┌─ DATA TO EXAMINE

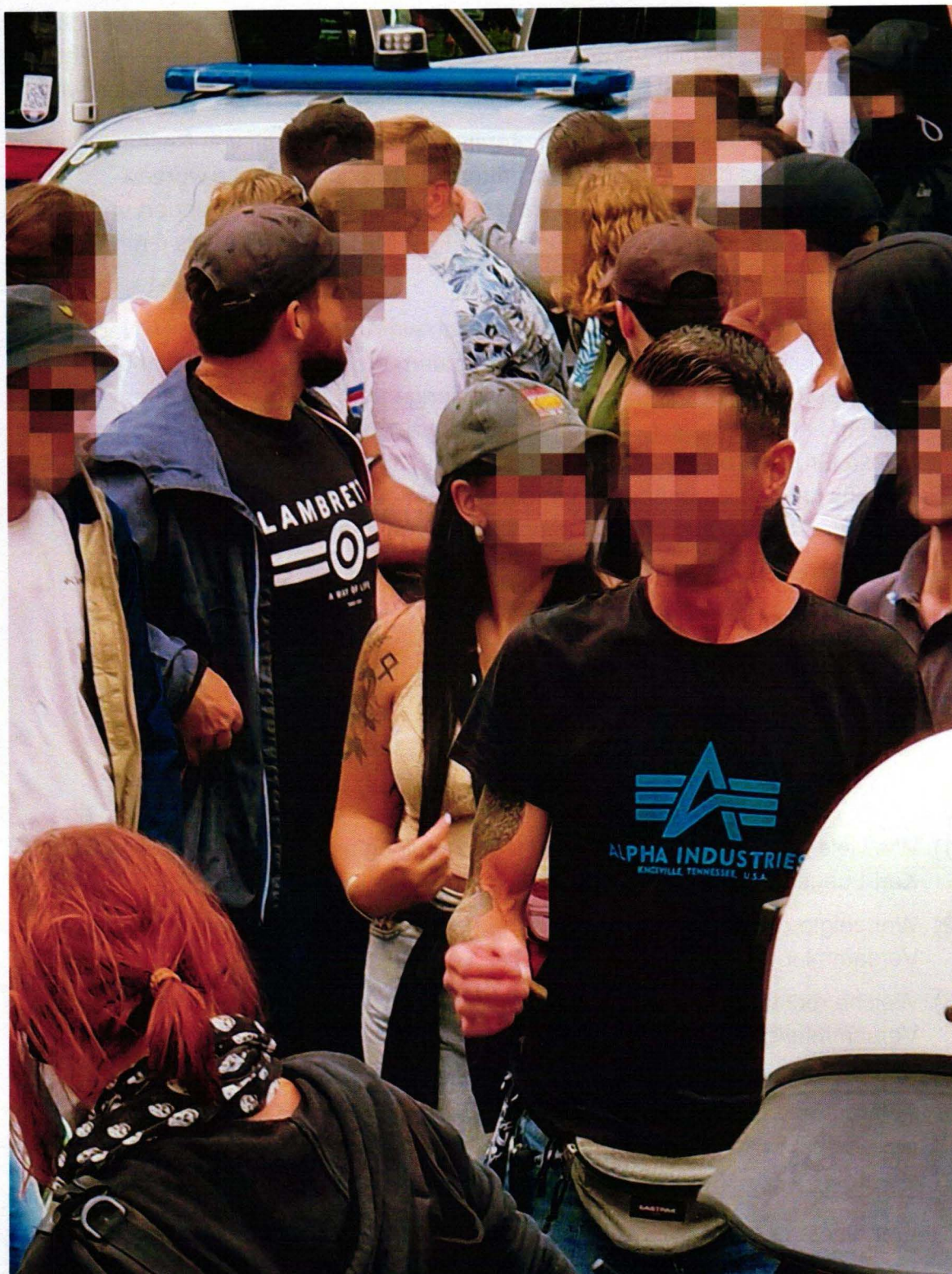
Eine Teilnehmerin des rechtsextremen Aufmarsches trägt offen eine Odal-Rune zur Schau, die auch durch die Hitlerjugend verwendet wurde und in Österreich verboten ist.
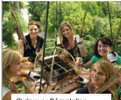
Ci-dessus : Dégustation perchée au Château Rayne-Vigneau. Ci-dessous : L'élégance d'un déjeuner privé au Château Haut-Bailly.
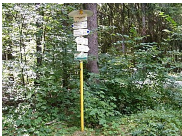
05 rozcestník U Tří Javorů
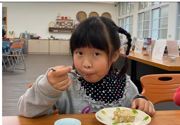
慢慢的把蛋糕送入口，品嚐味道。
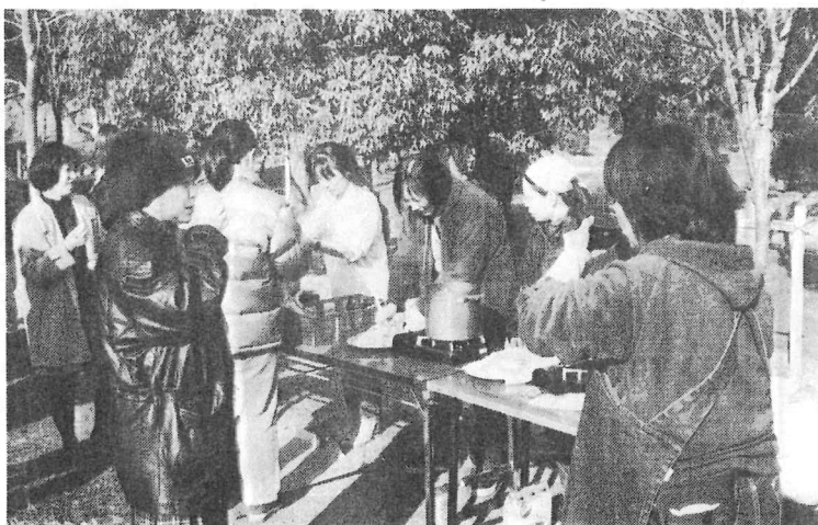
あつあつおぜんざいに
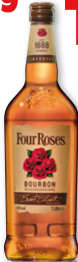
Bourbon FOUR ROSES , litro.
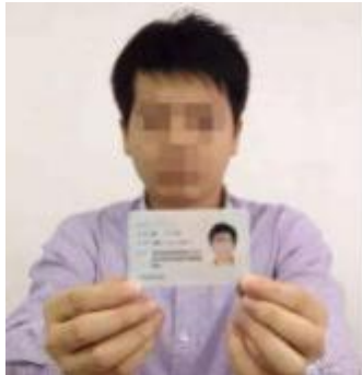
图三：考生验证图例

像头，环绕360°展示本人应试环境，以确定是否符合要求。全部完成后在候考区耐心候考。
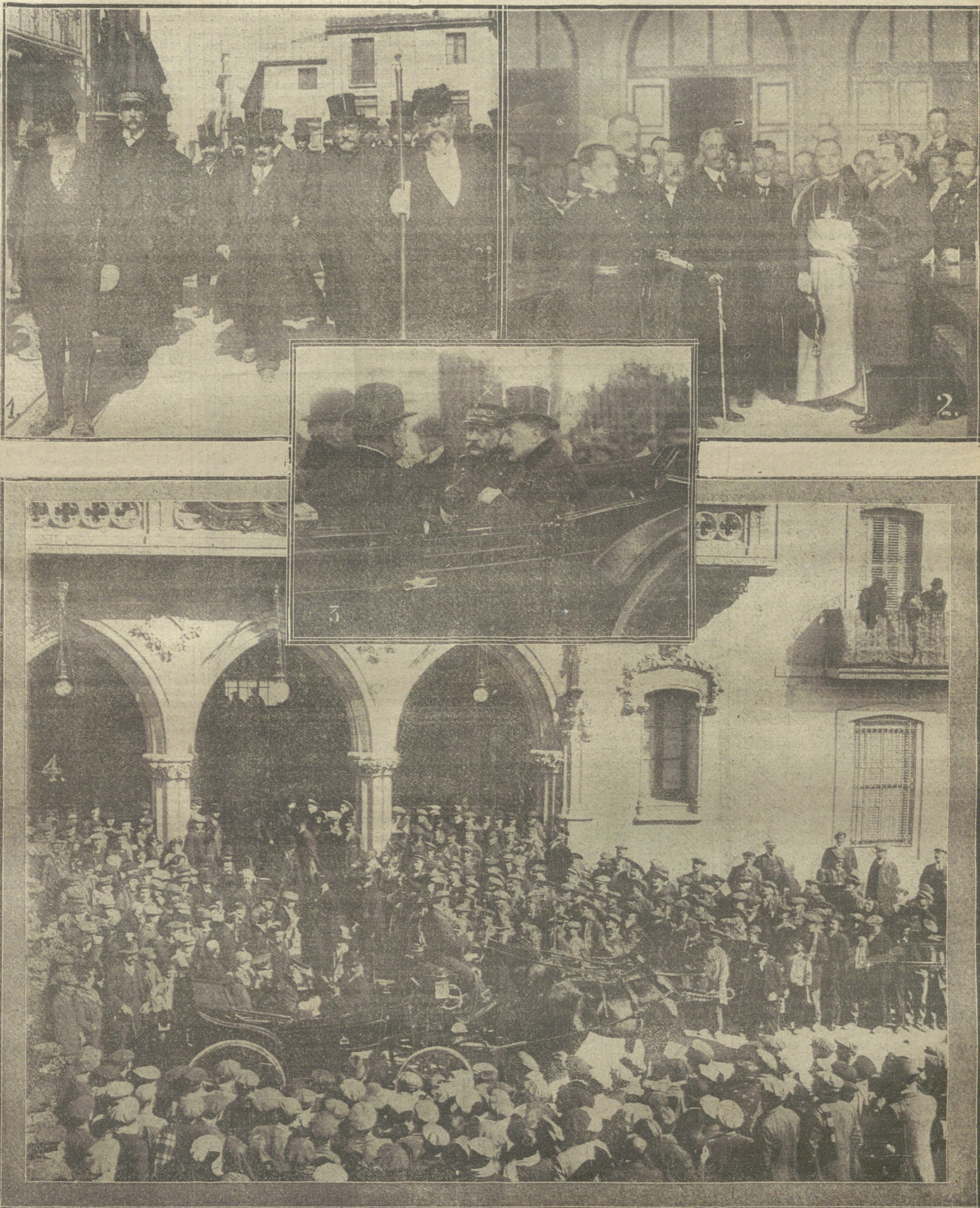
Viaje del ministro de Instrucción pública á Barcelona
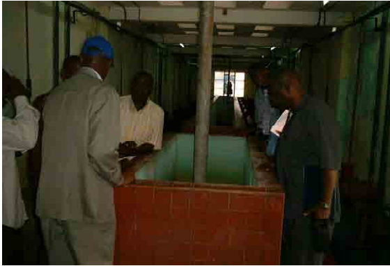
Mixing Tank for Coagulation
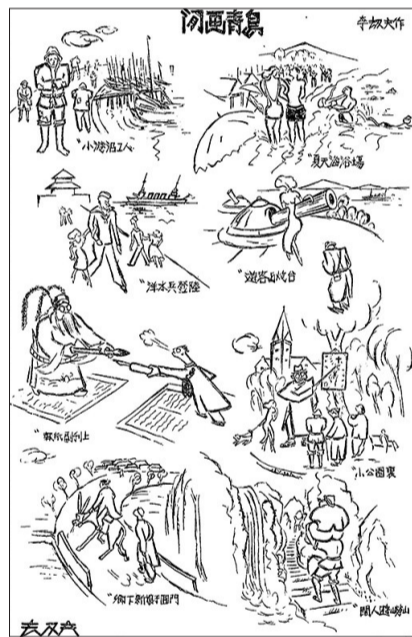
闲画青岛(发表于《论语》杂志1935年76期)。
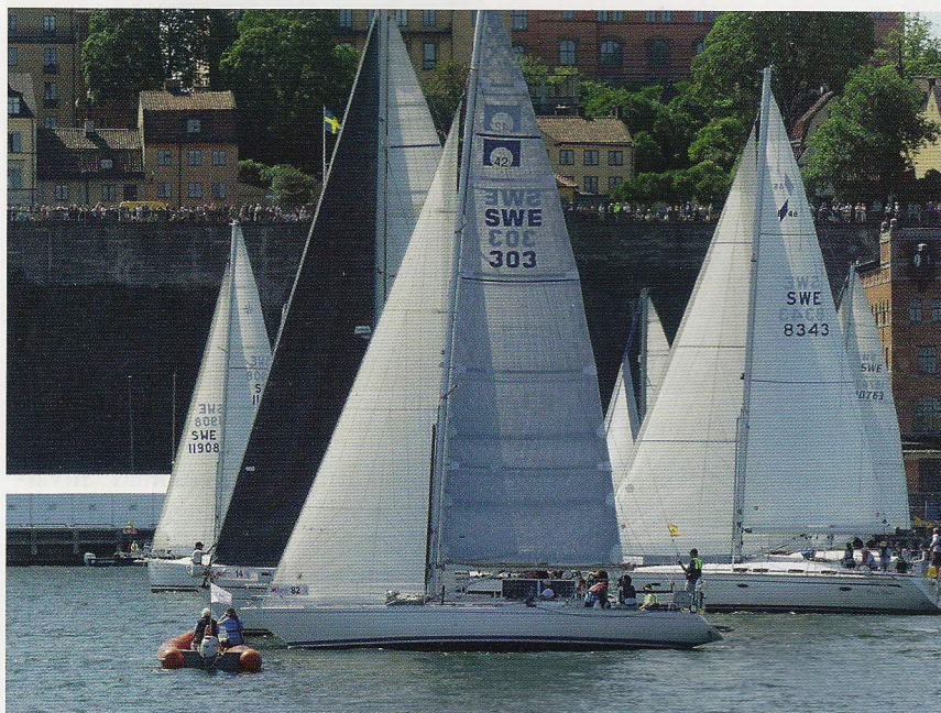
Omega 42 SWE 303 Anandra

När man gör nya bekanskap och berättar om att ens stora intresse är segling och att man kappseglar rätt mycket så får man ofta frågan om man seglat Gotland Runt (eller ÅF Offshore Race som det numera heter – Men som 2020 officiellt tar tillbaka namnet Gotland Runt igen, Red.:s anm).

└─

Return the complete data unchanged and include none of the pictures.

**ANSWER BOX:**
Eine Teilnehmerin des rechtsextremen Aufmarsches trägt offen eine Odal-Rune zur Schau, die auch durch die Hitlerjugend verwendet wurde und in Österreich verboten ist.
Ci-dessus : Dégustation perchée au Château Rayne-Vigneau. Ci-dessous : L'élégance d'un déjeuner privé au Château Haut-Bailly.
05 rozcestník U Tří Javorů
慢慢的把蛋糕送入口，品嚐味道。
あつあつおぜんざいに
Bourbon FOUR ROSES , litro.
图三：考生验证图例

像头，环绕360°展示本人应试环境，以确定是否符合要求。全部完成后在候考区耐心候考。
Viaje del ministro de Instrucción pública á Barcelona
Mixing Tank for Coagulation
闲画青岛(发表于《论语》杂志1935年76期)。
Omega 42 SWE 303 Anandra

När man gör nya bekanskap och berättar om att ens stora intresse är segling och att man kappseglar rätt mycket så får man ofta frågan om man seglat Gotland Runt (eller ÅF Offshore Race som det numera heter – Men som 2020 officiellt tar tillbaka namnet Gotland Runt igen, Red.:s anm).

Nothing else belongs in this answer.